South African businessman

Kirsten Nematandani (born May 27, 1958) is a former South African Football Association (SAFA) president and businessman. He became the president of the Venda Football Association (VEFA) in 1988.

== Career ==
From 1986 to 1988, he was the coach of Football Team Chibuku Young Stars FC.

In 1988 he became the president of the Venda Football Association (VEFA).

== SAFA ==
In 2009, Nematandi was elected to be the president of SAFA. South Africa was the host of the FIFA World Cup tournament in 2010, while Nematandani was the president of SAFA.

In December 2012, Nematandani was suspended as president after an investigation of FIFA into match fixing ahead of the FIFA World Cup 2010. The investigation included Niger's referee Ibrahim Chaibou and Singaporean businessman Wilson Raj Perumal, with FIFA banning Chaibou for life in January 2019.

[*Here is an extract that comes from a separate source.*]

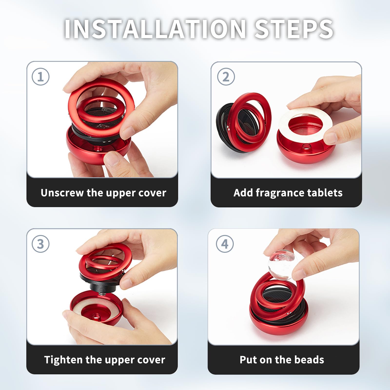 • 【Easy to Install】Unscrew the cover, put the perfume pad into and screw the cover, tear the tape to fix the air freshener
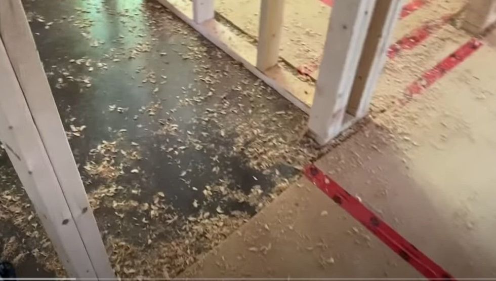 On peut voir que le matériau de béton noir est complètement recouvert de feuilles et de poussière. On remarque aussi que déjà, le plan initial change un peu alors que sur l'image qu'elle avait partagée à la base les planchers devaient être très pâles.

In January 2013, he was reinstated as SAFA president but not exonerated. In September 2013, he was replaced by Danny Jordaan after failing to receive a nomination in the SAFA elections.

In September 2015, the FIFA Ethics Committee started to investigate against Nematandani. He was found guilty of violating FIFA’s Code of Ethics in August 2016 and banned from any football-related activities for five years.